Taiwan International Graduate Program in Molecular Medicine, National Yang-Ming University and Academia Sinica, Taipei, Taiwan.
Institute of Biomedical Sciences, Academia Sinica, Taipei, Taiwan.
Sci Rep. 2018 Jun 20;8(1):9413. doi: 10.1038/s41598-018-27717-2.
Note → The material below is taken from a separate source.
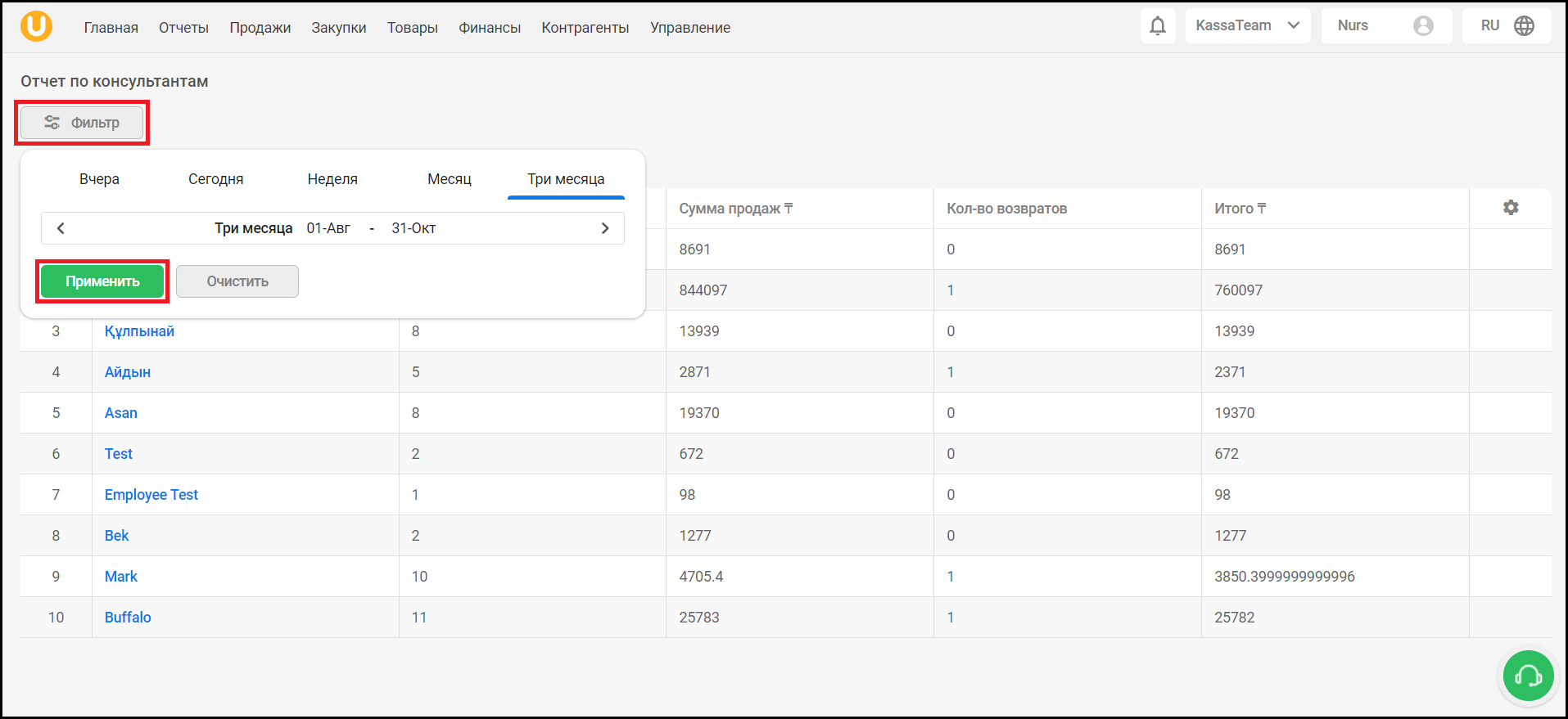 Откроется страница “Отчет по консультантам”. На данной странице вы можете увидеть список консультантов, количество их продаж, суммы продаж, количество возвратов и итоговую сумму.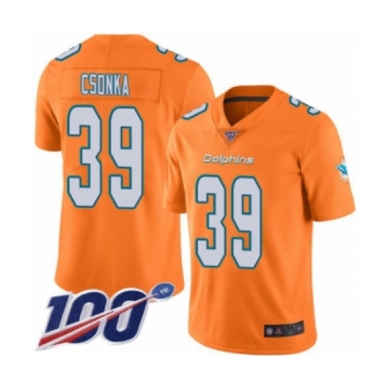 >Men's Miami Dolphins #39 Larry Csonka Limited Orange Rush Vapor Untouchable 100th Season Football Jersey

Activation induced cytidine deaminase (AID) in germinal center B cells introduces somatic DNA mutations in transcribed immunoglobulin genes to increase antibody diversity. Ectopic expression of AID coupled with selection has been successfully employed to develop proteins with desirable properties. However, this process is laborious and time consuming because many rounds of selection are typically required to isolate the target proteins. AID expression can also adversely affect cell viability due to off target mutagenesis. Here we compared stable and transient expression of AID mutants with different catalytic activities to determine conditions for maximum accumulation of mutations with minimal toxicity. We find that transient (3-5 days) expression of an AID upmutant in the presence of selection pressure could induce a high rate of mutagenesis in reporter genes without affecting cells growth and expansion. Our findings may help improve protein evolution by ectopic expression of AID and other enzymes that can induce DNA mutations.
激活诱导胞嘧啶脱氨酶(AID)在生发中心 B 细胞中引入转录免疫球蛋白基因的体细胞 DNA 突变,以增加抗体多样性。异位表达 AID 并结合选择已成功用于开发具有理想特性的蛋白质。然而,这个过程很费力且耗时,因为通常需要多轮选择才能分离出目标蛋白质。由于脱靶突变,AID 的表达也会对细胞活力产生不利影响。在这里,我们比较了具有不同催化活性的 AID 突变体的稳定和瞬时表达,以确定在最小毒性下最大积累突变的条件。我们发现,在选择压力下,瞬时(3-5 天)表达 AID 上突变体可以在不影响细胞生长和扩增的情况下,在报告基因中诱导高突变率。我们的发现可能有助于通过异位表达 AID 和其他可以诱导 DNA 突变的酶来改进蛋白质进化。